By default, VSCode has no dependencies and is totally customisable to your own needs which further adds to its popularity. You see on the left that I have Python and Jupyter installed as extensions (which is simple as clicking install in the extensions tab) and as such I can open both .py scripts and .ipynb Jupyter Notebooks.
Another recommended install is GitHub Pull Requests and Issues, which allows you to link directly to your GitHub account and provide accurate Version Control from within VSCode (without needing a separate program for the command line!). See the Command Line Basics -> Introduction to Git pathway on the Learning Hub to learn more about Version Control.
To open new files, we navigate to File -> New text file which allows you to select the Programming Language that the script will be written in, the result is shown below:
With Jupyter Notebooks, the easiest way is to navigate to File -> New File and a selection drop down will open displaying the other file types you have installed that you can open!

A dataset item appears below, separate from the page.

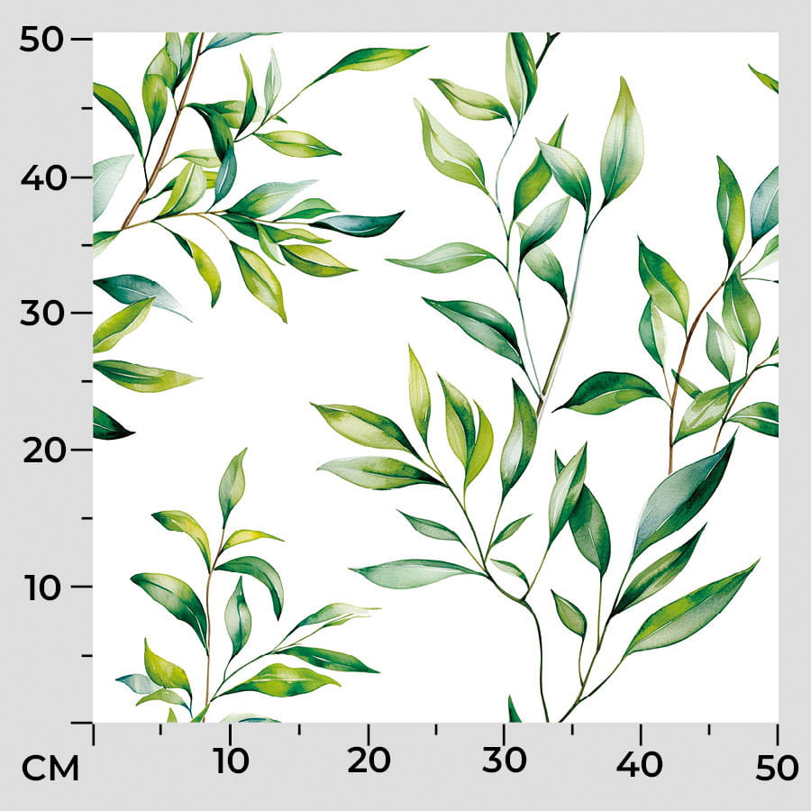 Bardzo miła w dotyku tkanina dekoracyjna z motywem liści. Idealna na zasłony i poszewki.

You will see Jupyter Notebooks here.
Note that this course does not aim to give you an extensive Introduction to VSCode. This is something that is team and organisation dependent (for example extensions vary, filetypes vary, version control varies and much more) and as such this is just a short show and tell of what it looks like and the capabilities it has.
5 Chapter Summary
Congratulations! You have begun your Python journey by completing Chapter 1 of the Introduction to Python Course!